P2X7 Das Double-Nickase-Plasmid (m) besteht aus einem aufeinander abgestimmten Plasmidpaar, das für die hochspezifische Bearbeitung des P2rx7-Lokus in mouse-Zelllinien entwickelt wurde. Jedes Plasmid exprimiert eine Cas9-D10A-Nickase und eine spezifische sgRNA, die auf entgegengesetzte DNA-Stränge innerhalb von P2rx7 abzielt. Wenn sie auf benachbarte Stellen auf entgegengesetzten DNA-Strängen gerichtet sind, erzeugen die beiden Nickasen versetzte Einzelstrang-Schnitte, die zusammen einen versetzten Doppelstrangbruch erzeugen, was eine koordinierte On-Target-Aktivität beider Guides erfordert. Der resultierende DNA-Bruch wird durch endogene zelluläre Reparaturwege behoben, meist durch nicht-homologe Endverknüpfung (NHEJ), was zu Insertionen oder Deletionen führt, die die P2rx7-Funktion stören. Durch die Notwendigkeit einer doppelten sgRNA-Bindung am Zielort erhöht der Doppel-Nick-Ansatz die Spezifität der Bearbeitung und bietet eine komplementäre CRISPR-Strategie für Anwendungen, bei denen eine zusätzliche Kontrolle über die Zielgenauigkeit gewünscht ist.

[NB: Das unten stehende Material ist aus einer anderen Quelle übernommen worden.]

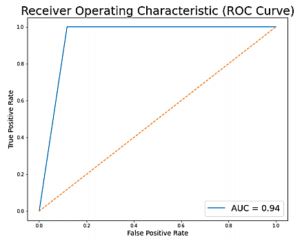 Se representó gráficamente la exactitud del modelo mediante la curva característica de operación del receptor (ROC), cuya área bajo la curva (AUC) muestra un valor del 94 %, lo cual es indicio de un alto rendimiento de la arquitectura propuesta en la clasificación de las imágenes térmicas (ver Figura 32).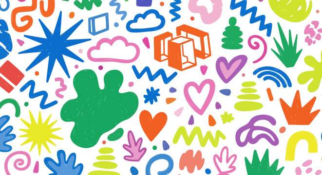 多彩な手描きドゥードゥルの抽象パターン|エネルギッシュで表現力豊かなクリエイティブ背景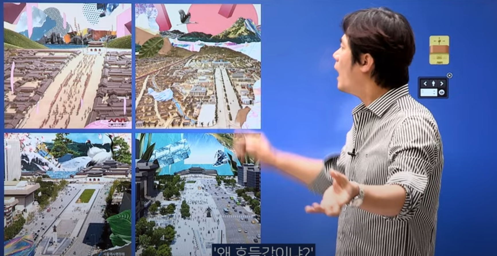 [ 조선시대 / 일제강점기 / 2009년 / 2022년 ]의 광화문 일대를 조망한 사진과 그림의 콜라보 형식으로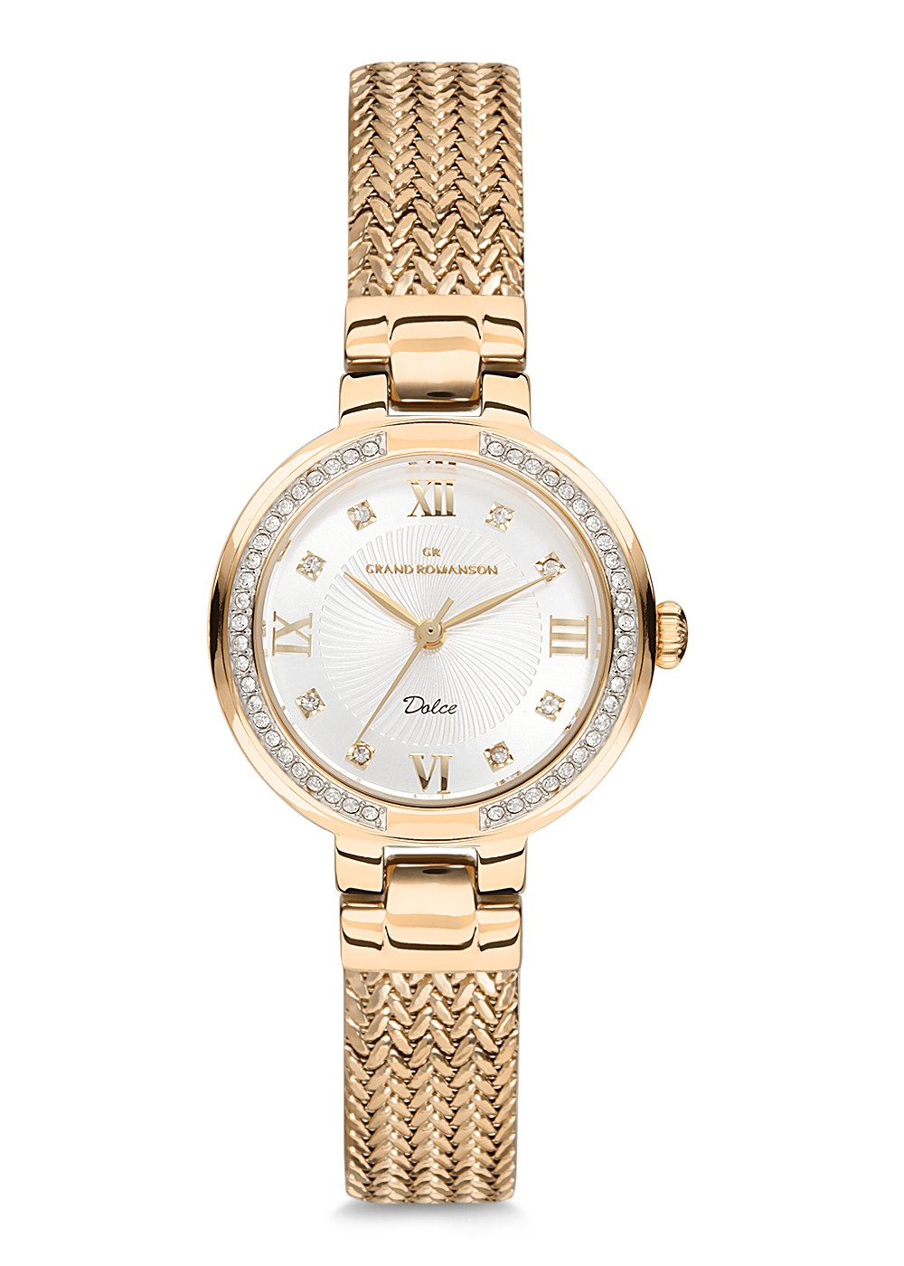 Kadın - Taşli - Sari - Gümüş - Çeli̇k Örme Kordon - 3 Atm - Sertleşti̇ri̇lmi̇ş Mi̇neral Cam - Grand Romanson - 28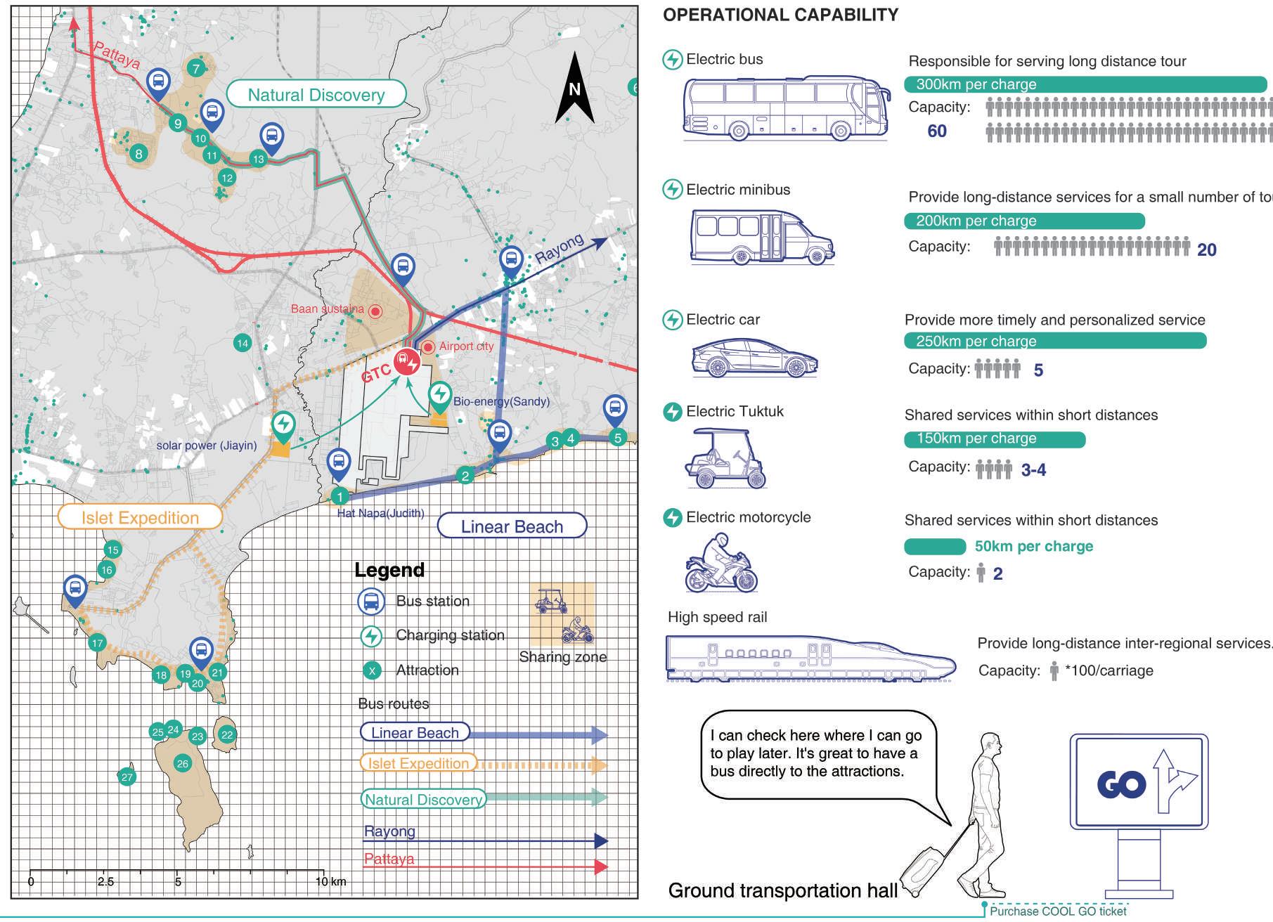 In our vision for the future transportation network near utapao airport, our goal is to establish efficient connections to surrounding unexplored attractions, enhancing the tourist experience through sustainable travel options. Thailand is currently promoting the development of electric vehicles, the EEC can offer support for usage of electric vehicles in the region. And by establishing a public EV transportation network It will significantly reducing carbon emissions from road traffic.Furthermore, due to climate change, the eastern region is forecasted to experience particularly hot and dry conditions. To enhance tourists’ outdoor experience, we will explore passive cooling designs that reduce temperatures without significant energy consumption.

Um eine effiziente Identifizierung editierter Zellen zu unterstützen, kodiert ein Plasmid GFP zur fluoreszierenden Visualisierung transfizierter Populationen, während das Begleitplasmid ein Puromycin-Resistenzgen für die Antibiotika-Selektion trägt. Zusammen unterstützen diese Merkmale eine effiziente Anreicherung co-transfizierter Populationen und vereinfachen die Validierung von Klonen mit P2rx7-Störung.
Nur für Forschungszwecke. Nicht für diagnostische oder therapeutische Zwecke bestimmt.